Imagine a Dream

Posted June 1st, 2006 by Mike Cherim

Working on a project recently I wanted to produce a dream-state image, but without a loss of subject clarity and with a squared up background, and I wanted it to be easy — as in I didn’t want to have to cut out the focused part. This presented a few challenges for me and I came up with the following technique that I’m now rather fond of.


To use this technique you will start first with a photograph. Any one will work, but preferably a flattened image with no focused depth-of-field. In other words the whole photo is in focus. You could do this to an image that does have some blurring, but in this example we’ll start from scratch. This is a photo of a mountain cabin in a snowy clearing.


You need to make a copy of this image, pasted on top and aligned with the underlying. Then you create a circular or oval fade this image (I am assuming you know how to do this already). Some may stop at this point, the image is dreamy, but there are some disadvantages to this type.

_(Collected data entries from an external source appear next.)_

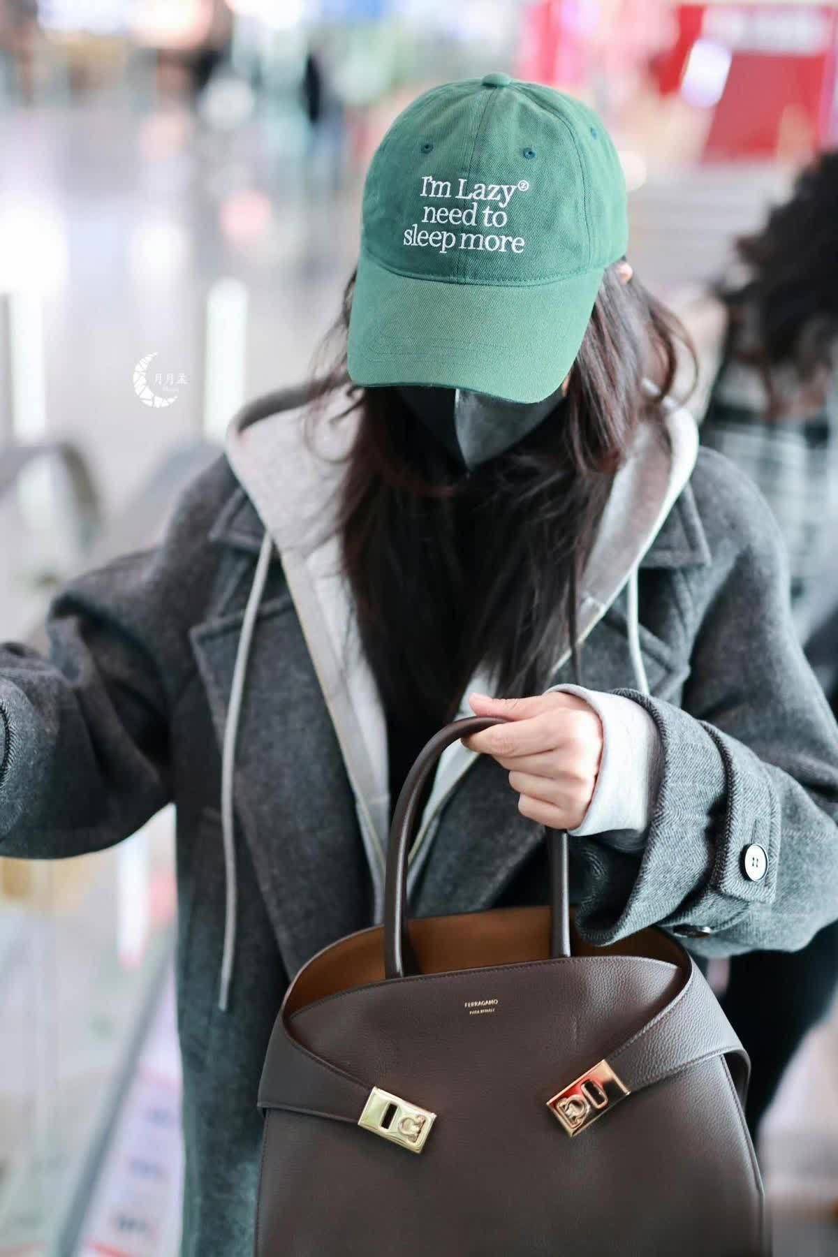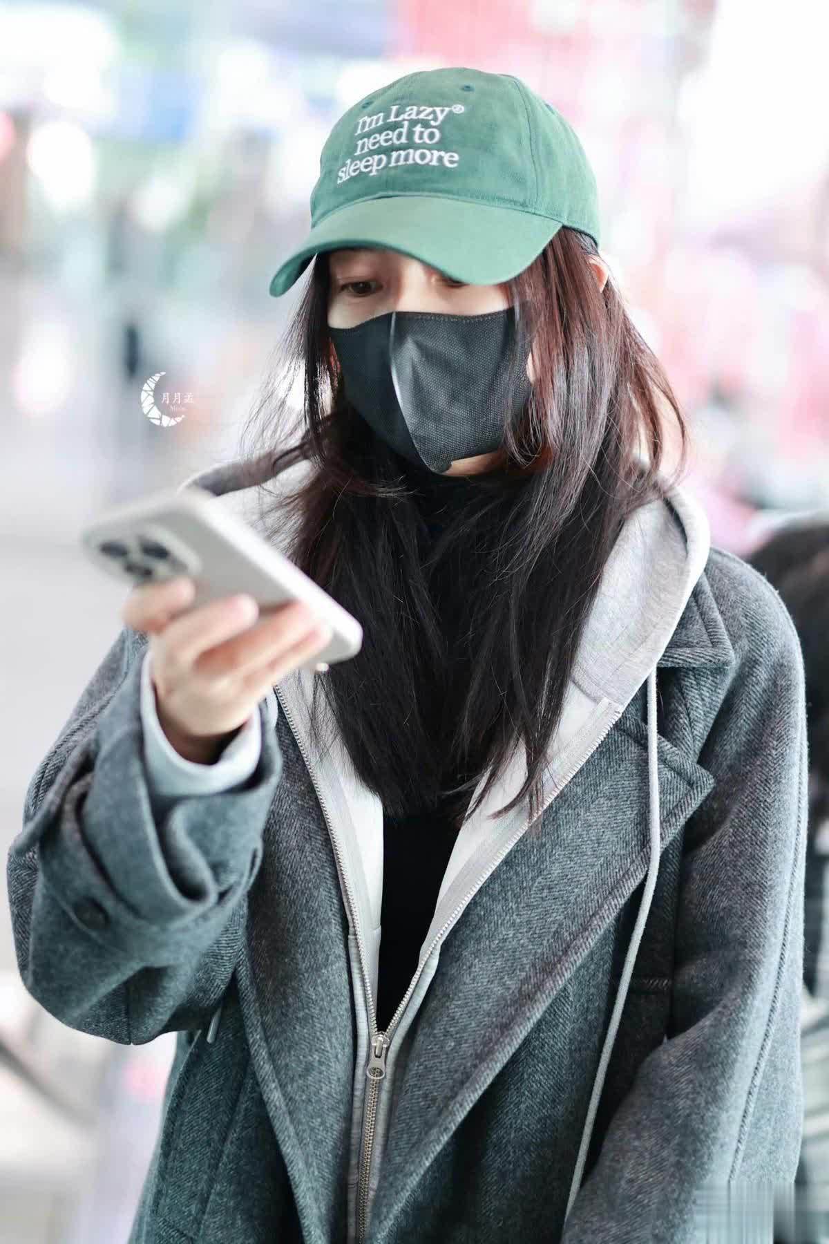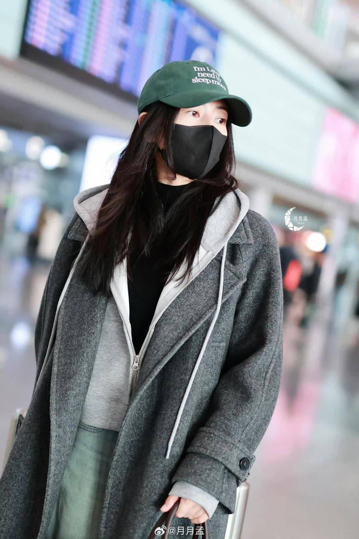 高圆圆选择用浅灰色的卫衣叠穿深灰色的大衣,虽然衣服的颜色是同色系,但由于深浅不同,所以也会觉得非常有层次感,然后再把卫衣的领口敞开,露出最里面的黑色打底衫,更是加强了层次。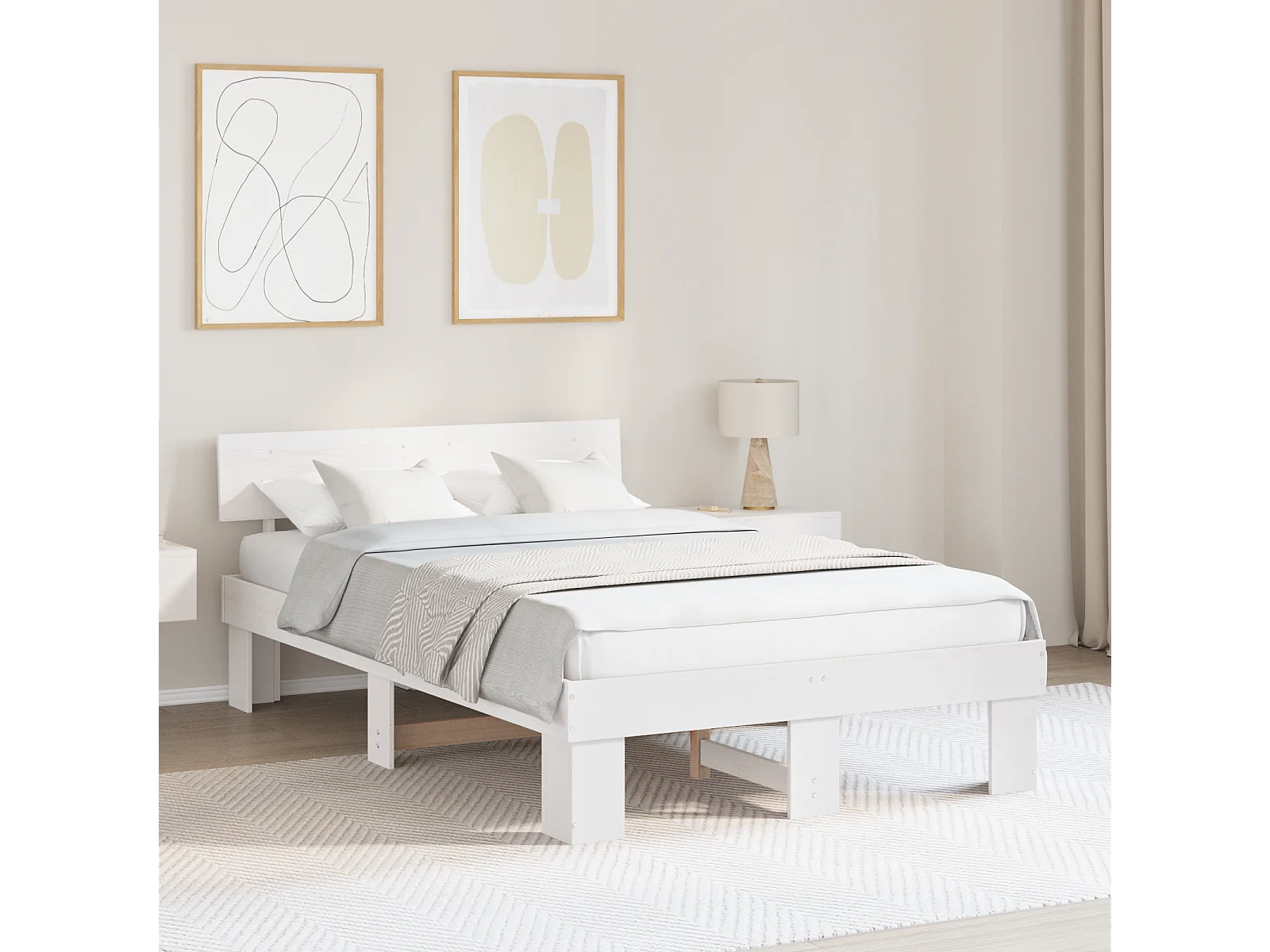 Lit simple | Lit adulte, enfant | Cadre de lit Blanc 120x200 cm Bois massif en pin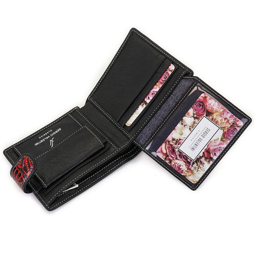 Женское кожаное портмоне от Sergio Valentini. Закрывается на хлястик с кнопкой. Внутри три отделения для купюр (одно на молнии), семь кармашков для пластиковых карт, два прозрачных окошка на клапане, два боковых кармана и отделение для монет, закрывающееся на клапан с кнопкой.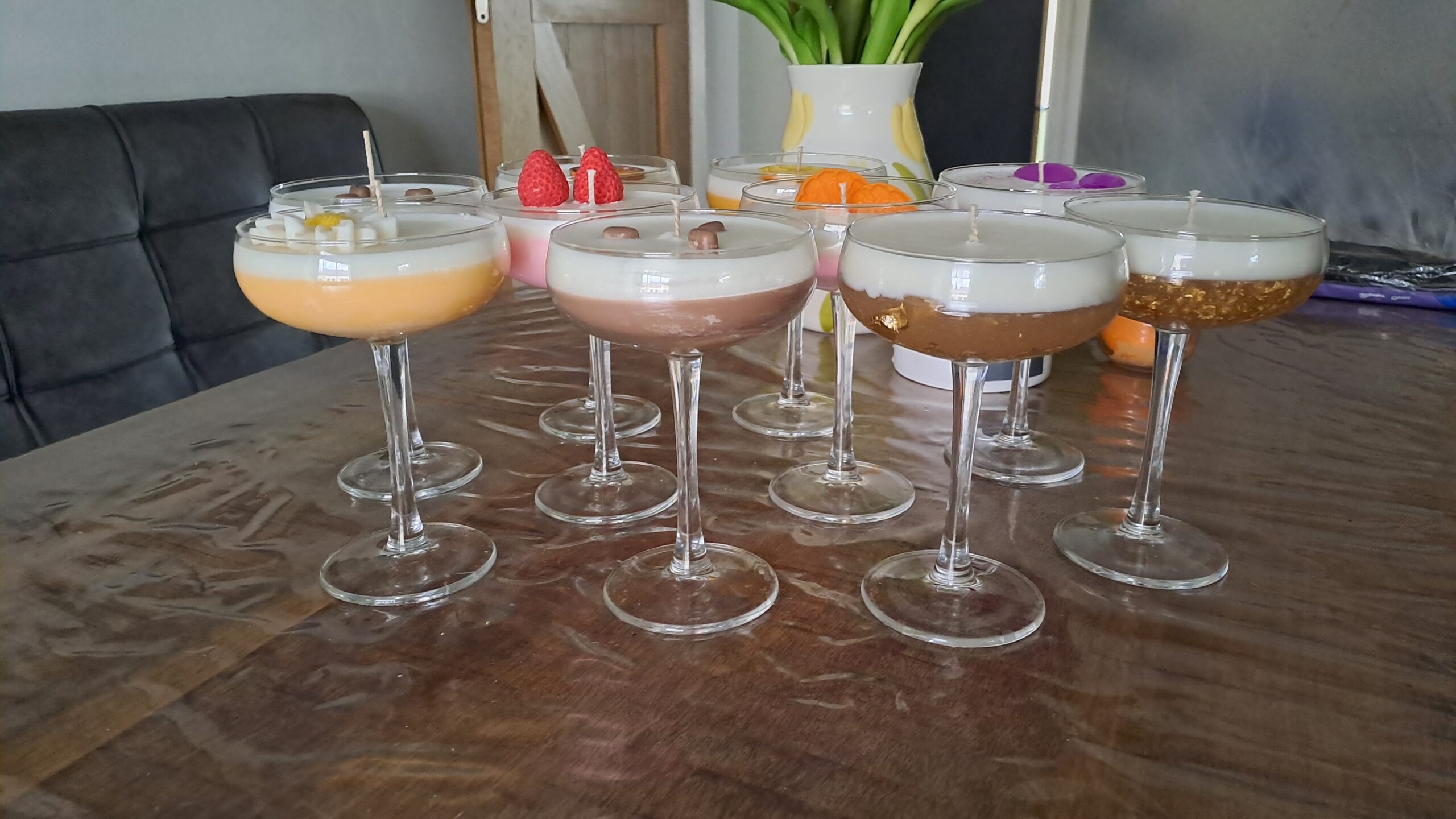 Verschillende soorten handgemaakte Kaarsen, kandelaars en onderzetters in Friesland.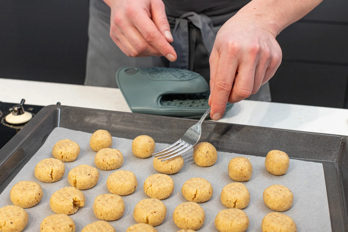 Сформировать шарики примерно по 18 г, выложить на противень, застеленный пергаментом, на расстоянии 7-8 см друг от друга и выпекать при температуре 170°C 16 минут.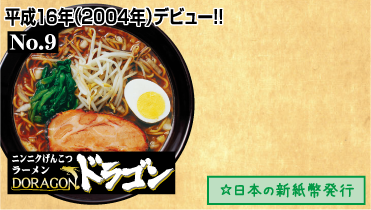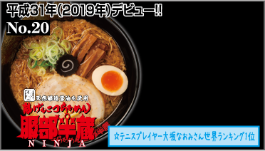 平成の最後に登場したシリーズ最新作。『伊賀越』天然醸造醤油に魚介の組合せ。黒色のナルトや手裏剣をイメージした海苔の盛り付け等、花月嵐ラーメンマエストロ達の遊び心が散りばめられている。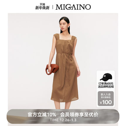 Migaino曼娅奴女装夏季新款优雅复古时尚背带连衣裙MO22DE098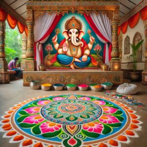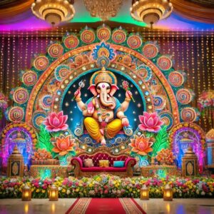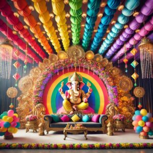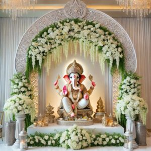 Divine Stage (Makar) 21 – Designs for Ganesh Chaturthi / Ganesh Jayanti Bliss! 6 January 20256 January 2025 bnb99blogger@gmail.com AllGallery Item Rose ThemeUse rose pital and red decorations for an enchanting theme. Peacock ThmeUse peacock feathers and blue-green decorations for an enchanting theme. Eco-Ganpati Garden:Decorate with potted plants and flowers to create a natural environment. Cultural TributesShowcase elements from different Indian states, such as Warli art or Kathakali masks. Colorful ThemeLights & Flowers Hand-Painted RangoliDesign a colorful rangoli in front of the idol using eco-friendly colors. Rainbow ColorsUse multicolored paper chains, balloons, or streamers for a joyful setting. White and GreenKeep it simple yet elegant with white flowers and green foliage. Golden and RedHighlight grandeur with a mix of gold and red fabrics and props. Themed BackdropsCelestial” (stars and moons) or “Underwater” (sea creatures) for unique setups. Origami or Paper ArtUse colorful paper crafts to add a modern touch. Eco-Ganpati GardenDecorate with potted plants and flowers to create a natural environment. Natural ElementsDecorate with twigs, dried flowers, bamboo, and coconut shells Clay Pots and Diyas Arrange colorful clay pots and light diyas around the idol for a traditional vibe. Banana LeavesDecorate the area with banana leaves for an authentic, eco-friendly touch. Floral DecorationUse marigold, roses, and jasmine garlands to adorn the Ganesha idol. Create a backdrop with fresh flowers. Royal EleganceAdorn with velvet fabrics, gold accents, and regal props to create a majestic setting. Vintage BeautyDecorate with antique items, lace, and soft pastels for a timeless, elegant look. Garden Paradise Create a lush, green setting with an abundance of foliage, fairy lights, and flower arrangements. Royal Palace ThemeTransform the stage into a miniature royal palace with intricate arches, pillars, and chandeliers. Use rich fabrics, golden accents, and grand props. Swarovski Crystal DecorAdorn the stage with sparkling Swarovski crystals and shimmering fabrics to add a touch of opulence and glamour. Related posts:Sustainable Ganesh Chaturthi: A Guide to Choosing Eco-Friendly Decoration Materials.DecorationTop 10 Ganesh Mandap Decoration Themes for 2025 Inspired by India’s GrowthDecorationGreen Ganesh Chaturthi: Practical Tips for a Sustainable CelebrationDecoration Tagged with Ganesh Makar Stage Decoration Ideas Decoration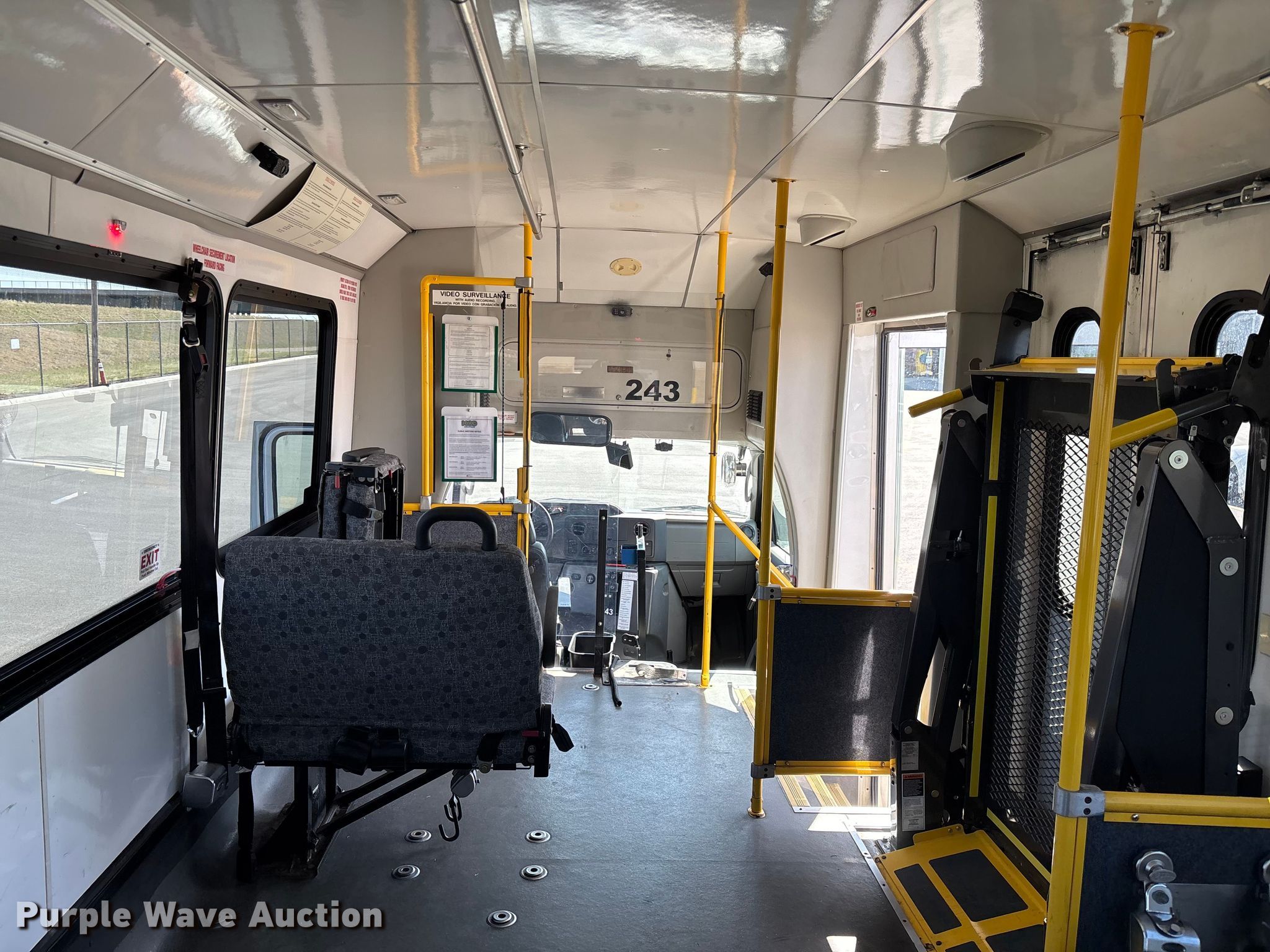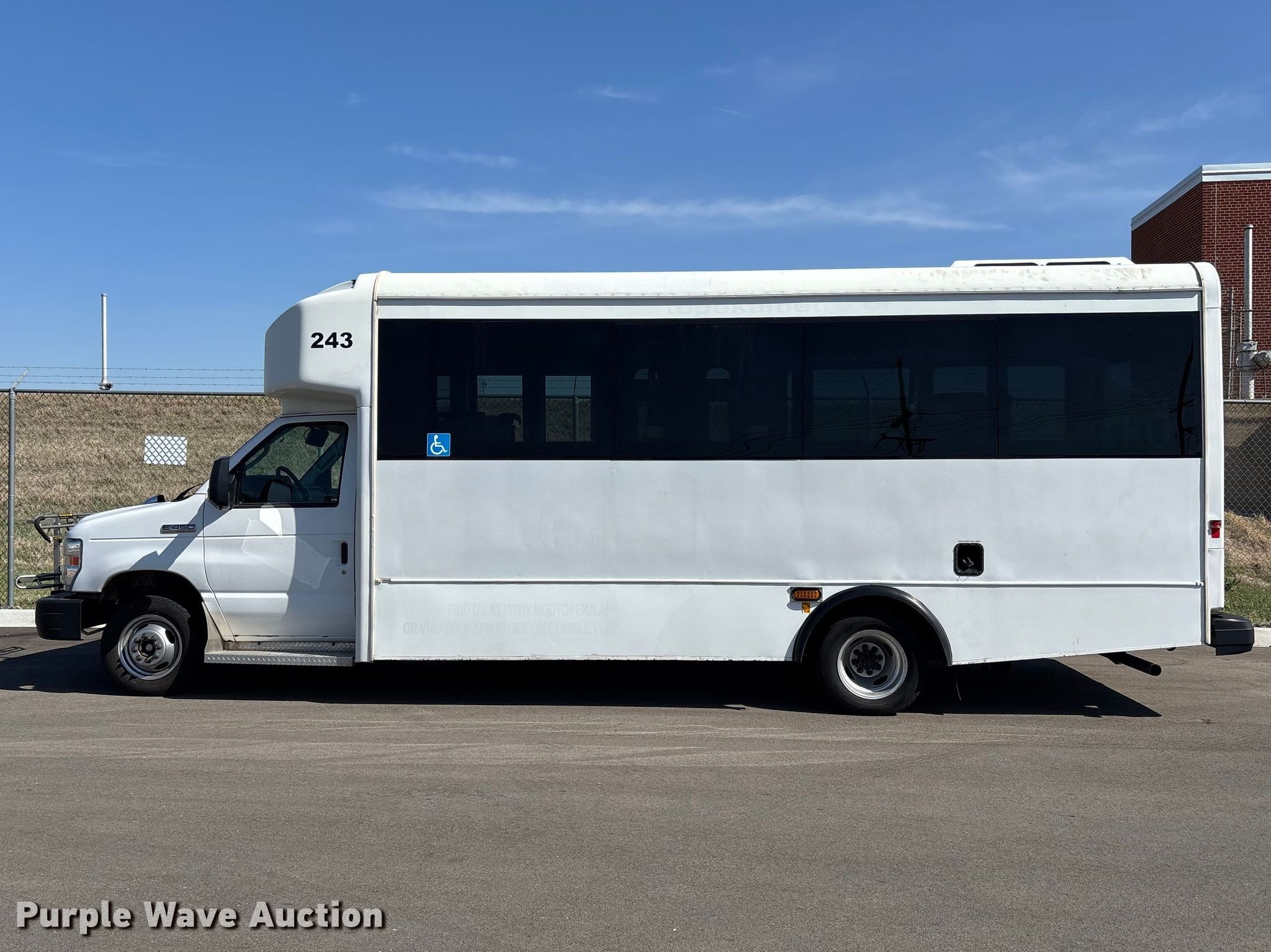 2013 Glaval E450 Super Duty transit bus. Miles: 186,129 on odometer, Hours: 15,396 on meter, VIN: 1FDXE4FS1DDA30957, Unit #: 243. Engine Displacement: 6.8L, Cylinders: 10, Fuel type: Gas. Transmission Automatic. Chassis Axles: Single, Suspension: Spring, Brakes: Hydraulic, GVWR: 14,500 lbs, Wheelbase: 216". Interior AC, Heat, Cruise control, Backup camera, Passengers: 11, Wheelchair lift. Tires Size: 205/75R16, Brand: Hankook. Kansas title. Title distribution may be delayed up to 14 days from verification of funds. Topeka, KS 66603

For one thing, to make sure the faded edges aren’t cut off, the focused part of the image will have to be rather small, and the choice of focused area in confined to the center. Additionally, the shape of the focused area will be controlled by the shape of the image. Depending on precisely how this technique is done (there are really two ways), you may skip the fade.


You next step is to take the underlying image and add a gaussian blur effect to it (4-6). This alone looks pretty dreamy (or really drunk maybe) but it has no focal point. That just won’t do; it’s too dreamy, we still need to show an image that one can equate to.


Above I mentioned the possibility of skipping the image-fading step. One variation of this technique, shown here, is to take the top image and apply simple transparency to it. About 50% works. This effectively creates a nice dreamy look, but the focus is everywhere.


Now we try the original variant using the faded image over the blurred one. With this method we have spot focus, a nice full size image, and the point of focus can be moved around the scene to spot on what you want.